В горкоме партии нас уже ждали, и какие-то молодые люди, в черных костюмах, с правильными плакатными лицами, провели нас в кабинет. Здесь я остался ждать, а директора провели дальше, в большие двери главного кабинета. Там он оставался долго, минут сорок, и, когда ввели меня, он сидел у стола красный, утирая пот с лысины.
За огромным Т-образным столом сидело человек двадцать — мужчины и женщины, в основном пожилые. У всех был озабоченный вид, стопки бумаги перед ними, все что-то писали. При моем появлении все повернулись и строго, сумрачно посмотрели на меня. Странно, но я не испытывал ни страха, ни трепета, ни даже простой нервозности — меня вдруг охватила какая-то веселая злость. Эти вот важные партийные дамы, эти обрюзгшие, поседевшие партийные вожди, с такой серьезностью собравшиеся обсуждать наш школьный журнальчик, — они-то и были той нечистью, теми кровавыми палачами, которых еще год назад мы готовились уничтожить ценой своей жизни? Это они-то держали в страхе всю страну, послали в Будапешт танки, искорежили нам души!
Я с любопытством вглядывался в их тусклые, невыразительные морды. Я хотел увидеть жестокость, властность, уверенность, волю, а видел только глупость. Глупость и трусость. И ради этого мы хотели погибнуть? Да их одним словом до смерти напугать можно. Если б они хоть раз в жизни услышали тот отборный мат, которым их каждый день кроет в каждой деревне каждая баба… Должно быть, я нехорошо ухмылялся, глядя на них, потому что они вдруг задвигались, заерзали, заговорили все разом. Им не нравилось, как я стою, почему руки у меня не по швам, конечно же, почему улыбаюсь. И вообще — кто меня научил написать вот эту… вот это… это вот?.. Тут самый главный боров, сидевший во главе стола, двумя пальцами приподнял за угол наш многострадальный журнал.
— А почему, собственно говоря, меня кто-то должен был учить? — удивился я.
— Ну как же! — опять задвигался зверинец. — Откуда у вас могут взяться эти мысли? Вы еще ничего в жизни не видели.
Ах, вот как! Вы всю жизнь просиживаете задницы в своих партийных кабинетах, ничего, кроме директив, не читаете, дальше сортира не ходите, а я, значит, ничего не видел и думать ни о чем не смею, и вы теперь поучать меня беретесь. Вот, значит, как.
— Нет, — сказал я, — видел очень много. И все помню.
Моя веселая ярость вылилась вдруг наружу, облеклась в слова и стала их дубасить по тусклым рожам. Я сам не замечал, как это получается. Говорил я о Сталине, о его похоронах, о том, как все плакали и как потом, едва утершись, проклинали и поносили его; о том, что не верю им — тем, которые боялись, и тем, кто не знал. Я говорил с ними так, как если бы в руках моих был долгожданный автомат и я просто объяснял им, за что их всех надо убить. Одни пытались перебивать, другие что-то писали, но я заставил их всех слушать. Я сказал им о крепостном праве в деревне, о пьянстве, о воровстве, о бесконечной лжи, которая мне смертельно надоела, хоть мне еще только семнадцать лет.
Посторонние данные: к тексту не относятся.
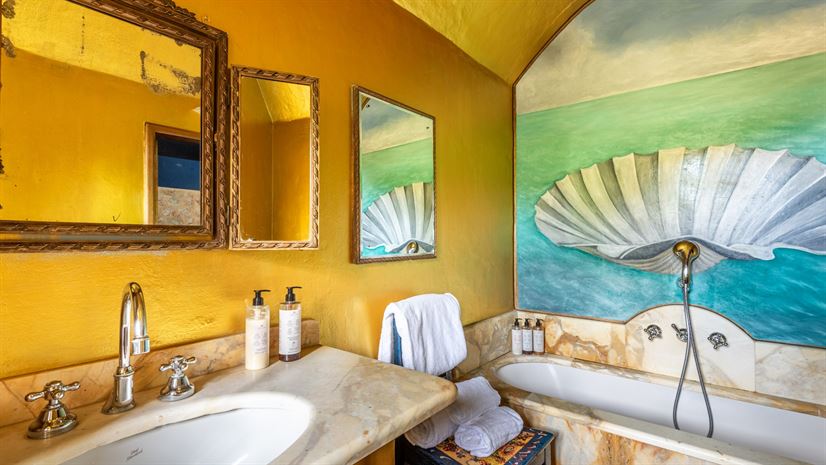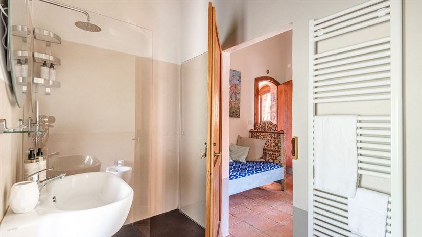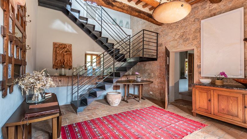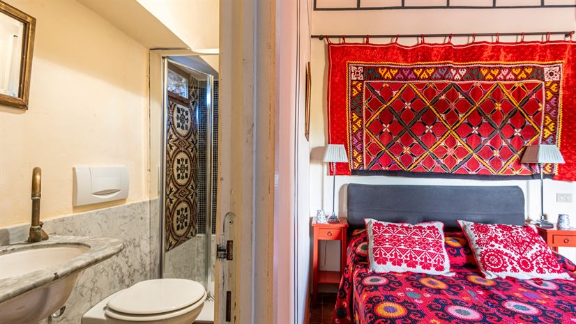 Binnen zorgen kleurrijke vertrekken met terracottavloeren, balkenplafonds en stijlvolle inrichting voor een warme en uitnodigende sfeer.

Когда я кончил, они молчали. Наконец главный боров, глядя куда-то мимо меня, изрек:
— У вас очень неверные мысли, вы политически незрелый, и на вас дурно влияют. — Тут весь стол опять зашевелился, задвигался: «Да-да, политически незрелый, да-да, дурно влияют!»
— Мы обсудили тут с товарищами и пришли к выводу, что вам нужно повариться в рабочем котле, пожить в ха-ро-шем рабочем коллективе, чтобы вам там вправили мозги. — «Да-да, в рабочем котле», — зашевелился стол.
— Учиться вам пока преждевременно. Вместо того, чтобы писать всю эту… это вот, — тут он опять приподнял краешек журнала, — нужно было собраться и почитать семилетний план. Можете идти.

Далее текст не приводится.